[Data shown]
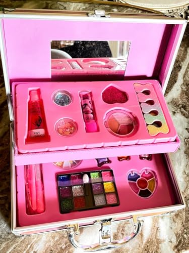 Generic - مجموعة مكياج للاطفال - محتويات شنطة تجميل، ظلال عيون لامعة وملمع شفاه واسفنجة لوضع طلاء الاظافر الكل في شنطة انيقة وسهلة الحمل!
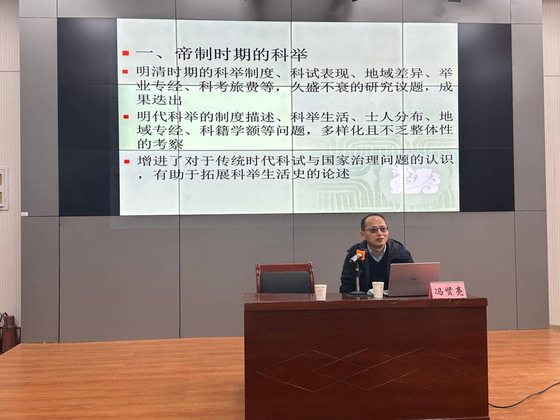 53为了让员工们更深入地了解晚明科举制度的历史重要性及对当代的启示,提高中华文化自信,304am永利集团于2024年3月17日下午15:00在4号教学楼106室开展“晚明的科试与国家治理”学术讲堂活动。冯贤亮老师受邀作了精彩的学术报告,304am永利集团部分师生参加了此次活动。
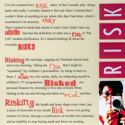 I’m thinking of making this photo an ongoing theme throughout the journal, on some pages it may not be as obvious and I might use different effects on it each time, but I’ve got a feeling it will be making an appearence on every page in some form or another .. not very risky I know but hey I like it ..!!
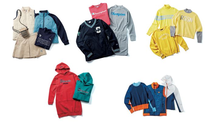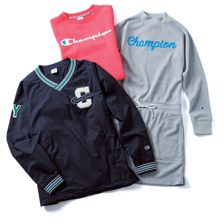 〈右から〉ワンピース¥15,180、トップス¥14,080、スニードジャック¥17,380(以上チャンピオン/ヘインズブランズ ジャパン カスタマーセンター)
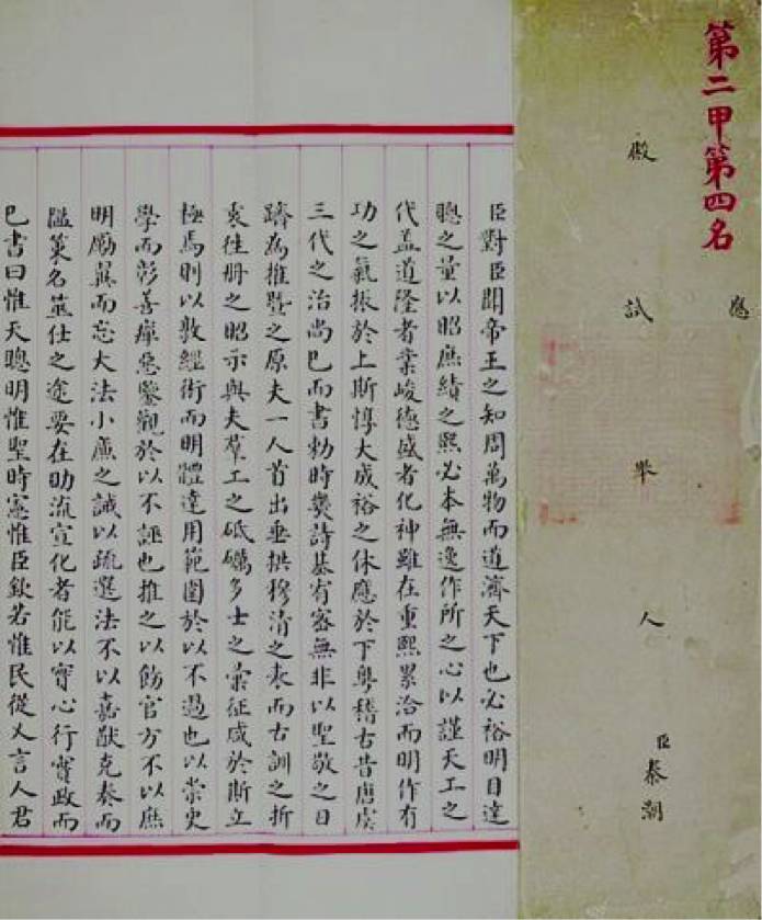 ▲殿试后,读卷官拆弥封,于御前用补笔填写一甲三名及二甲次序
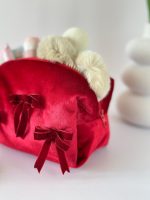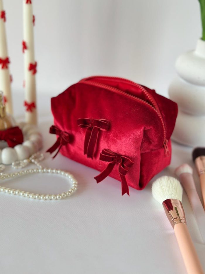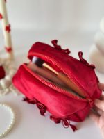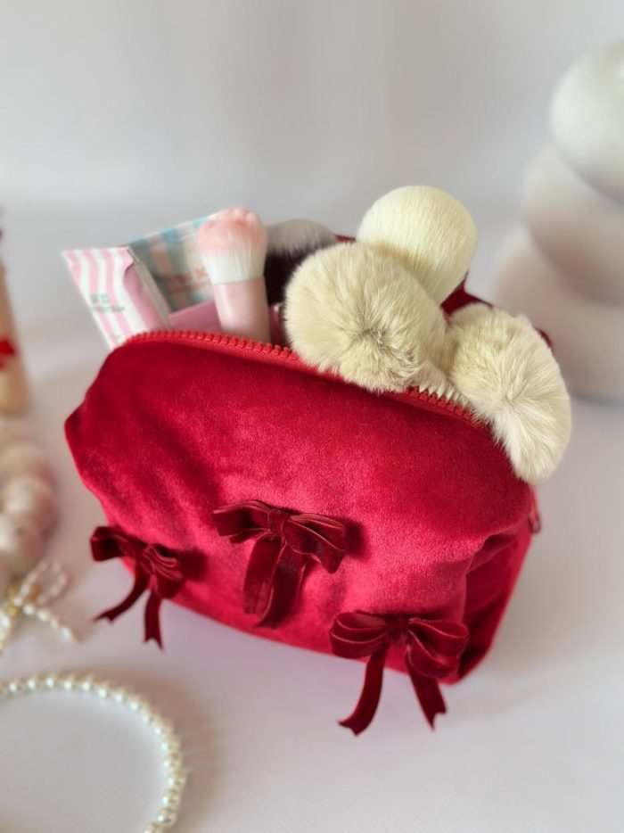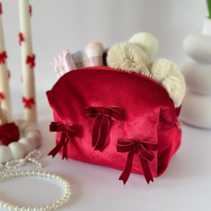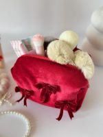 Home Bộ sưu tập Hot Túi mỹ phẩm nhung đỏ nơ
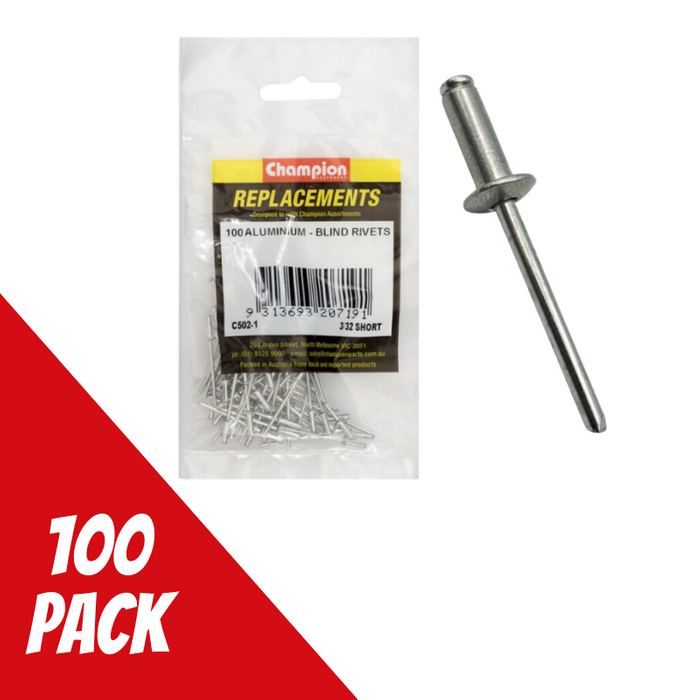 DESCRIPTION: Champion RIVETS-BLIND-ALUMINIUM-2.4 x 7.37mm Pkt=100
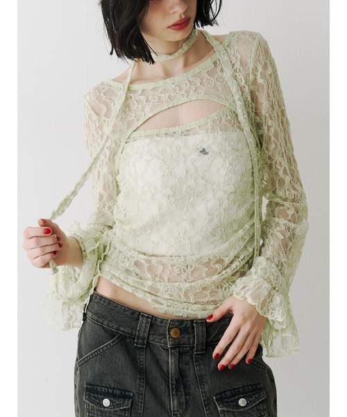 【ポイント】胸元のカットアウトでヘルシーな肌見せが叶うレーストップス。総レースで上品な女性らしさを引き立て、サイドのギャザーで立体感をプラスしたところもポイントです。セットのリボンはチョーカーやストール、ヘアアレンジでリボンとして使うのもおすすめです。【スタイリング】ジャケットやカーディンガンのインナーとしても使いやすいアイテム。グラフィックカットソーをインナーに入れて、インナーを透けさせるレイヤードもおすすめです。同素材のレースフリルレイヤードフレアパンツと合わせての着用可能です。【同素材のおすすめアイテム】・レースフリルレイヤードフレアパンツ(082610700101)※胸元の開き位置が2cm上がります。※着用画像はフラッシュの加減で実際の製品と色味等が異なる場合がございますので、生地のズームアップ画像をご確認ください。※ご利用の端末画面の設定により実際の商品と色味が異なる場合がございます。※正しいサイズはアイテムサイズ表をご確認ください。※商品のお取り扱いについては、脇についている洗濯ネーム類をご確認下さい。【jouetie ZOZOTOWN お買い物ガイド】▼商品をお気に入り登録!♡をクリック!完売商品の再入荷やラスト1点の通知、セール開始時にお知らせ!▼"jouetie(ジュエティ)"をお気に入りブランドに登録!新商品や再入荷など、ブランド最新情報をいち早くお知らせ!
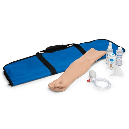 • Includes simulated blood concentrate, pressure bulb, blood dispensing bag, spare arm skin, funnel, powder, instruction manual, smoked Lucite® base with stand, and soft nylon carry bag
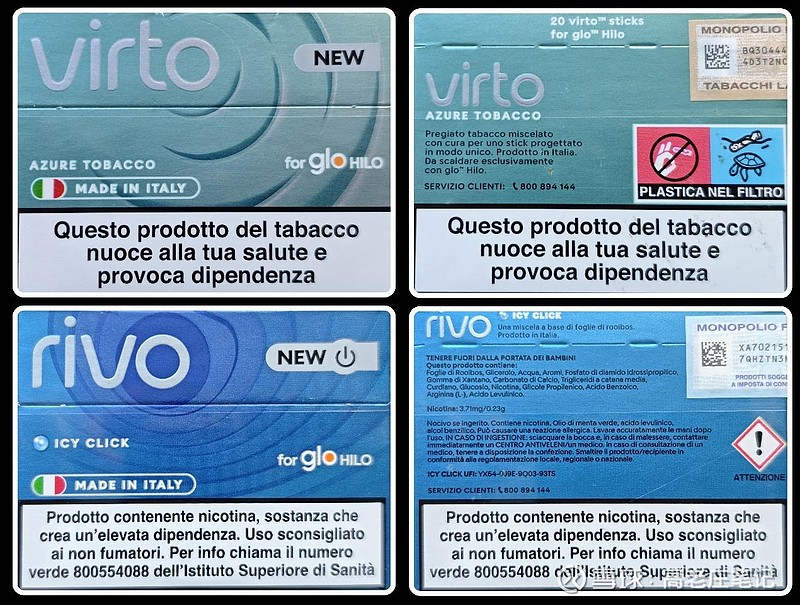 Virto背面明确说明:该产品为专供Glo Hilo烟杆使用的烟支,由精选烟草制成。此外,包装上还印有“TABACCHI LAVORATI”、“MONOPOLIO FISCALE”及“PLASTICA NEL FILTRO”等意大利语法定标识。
[/Data shown]
### [Problem to solve]
Copy exactly the lines that run from the line containing "I’m thinking of" to the end of the data, keeping both end lines and dropping every picture.

### [Completed task]
 I’m thinking of making this photo an ongoing theme throughout the journal, on some pages it may not be as obvious and I might use different effects on it each time, but I’ve got a feeling it will be making an appearence on every page in some form or another .. not very risky I know but hey I like it ..!!
 〈右から〉ワンピース¥15,180、トップス¥14,080、スニードジャック¥17,380(以上チャンピオン/ヘインズブランズ ジャパン カスタマーセンター)
 ▲殿试后,读卷官拆弥封,于御前用补笔填写一甲三名及二甲次序
 Home Bộ sưu tập Hot Túi mỹ phẩm nhung đỏ nơ
 DESCRIPTION: Champion RIVETS-BLIND-ALUMINIUM-2.4 x 7.37mm Pkt=100
 【ポイント】胸元のカットアウトでヘルシーな肌見せが叶うレーストップス。総レースで上品な女性らしさを引き立て、サイドのギャザーで立体感をプラスしたところもポイントです。セットのリボンはチョーカーやストール、ヘアアレンジでリボンとして使うのもおすすめです。【スタイリング】ジャケットやカーディンガンのインナーとしても使いやすいアイテム。グラフィックカットソーをインナーに入れて、インナーを透けさせるレイヤードもおすすめです。同素材のレースフリルレイヤードフレアパンツと合わせての着用可能です。【同素材のおすすめアイテム】・レースフリルレイヤードフレアパンツ(082610700101)※胸元の開き位置が2cm上がります。※着用画像はフラッシュの加減で実際の製品と色味等が異なる場合がございますので、生地のズームアップ画像をご確認ください。※ご利用の端末画面の設定により実際の商品と色味が異なる場合がございます。※正しいサイズはアイテムサイズ表をご確認ください。※商品のお取り扱いについては、脇についている洗濯ネーム類をご確認下さい。【jouetie ZOZOTOWN お買い物ガイド】▼商品をお気に入り登録!♡をクリック!完売商品の再入荷やラスト1点の通知、セール開始時にお知らせ!▼"jouetie(ジュエティ)"をお気に入りブランドに登録!新商品や再入荷など、ブランド最新情報をいち早くお知らせ!
 • Includes simulated blood concentrate, pressure bulb, blood dispensing bag, spare arm skin, funnel, powder, instruction manual, smoked Lucite® base with stand, and soft nylon carry bag
 Virto背面明确说明:该产品为专供Glo Hilo烟杆使用的烟支,由精选烟草制成。此外,包装上还印有“TABACCHI LAVORATI”、“MONOPOLIO FISCALE”及“PLASTICA NEL FILTRO”等意大利语法定标识。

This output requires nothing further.